Thank you for a wonderful post! I thoroughly enjoyed reading it.

It was so thought provoking that I had to take notes as I worked through the paragraphs.

It is great to see someone using the Value Discipline model (product leadership, operating excellence & customer intimacy) described in Tracey & Wiersema's "The Discipline of Market Leaders" back in about 1995. I think it is an excellent model and I have used it several times in practice as an EA and I have never understood why it isn't more widely used. The way you have contextualized the model for current economic times and the examples you have given were really enjoyable to read.

I am going to go away and write a few blog posts about this. First cab off the rank will be a synopsis of the value discipline model and then some thoughts and general admiration for this post.

I'll post links as I write posts if that is OK with you.

Joe McCarthy

I finally got around to watching the movie Moneyball last night, and see some parallels with pull platforms for performance.

Oakland Athletics' General Manager, Billy Keane, used data analytics - and data analyst Peter Brand - to precisely determine the types of performance (e.g., on base percentage) needed throughout the lineup and relentlessly used those metrics to craft a strategy - and team - that could best achieve the ultimate objectives (scoring enough runs to win enough games to win their division).

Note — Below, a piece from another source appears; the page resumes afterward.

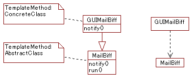 とあります.今回の例では,全体の処理の流れを規定するrun()メソッドが上 記の「スケルトン」に当たります.また,youGotMailPopup()が「いくつかの ステップ」に当てはまります. TemplateMethod パターンを使った解決は次のようなものです. まず自分でMailBiffクラスを書き,youGotMailPopup()を空にしておきます. youGotMailPopup()担当者はMailBiffを継承してGUIMailBiffという新たなクラ スを作り,youGotMailPopup()をオーバーライドして実装します.あたなたは 最初,youGotMailPopup()メソッドに簡単な1行のプリント文入れることで,自 分の POP3プロトコルでのメールチェックの部分に専念してテストができます. GUI実装者はMailBiffを継承してyouGotMailPopup()をオーバーライドしたクラ スを作ることで,GUI部分を実装します. 第2バージョンのプログラムは次のような2つのクラスになるでしょう.

Among the many touchpoints with what you've written here is the way the A's created a platform to pull the performance of players that were widely viewed as individually suboptimal into a team that won a record-setting number of games. While many might have viewed - and perhaps still view - this strategy as unacceptably unromantic, the movie demonstrated how focusing on metrics can ultimately enable individuals and teams to achieve optimal performance.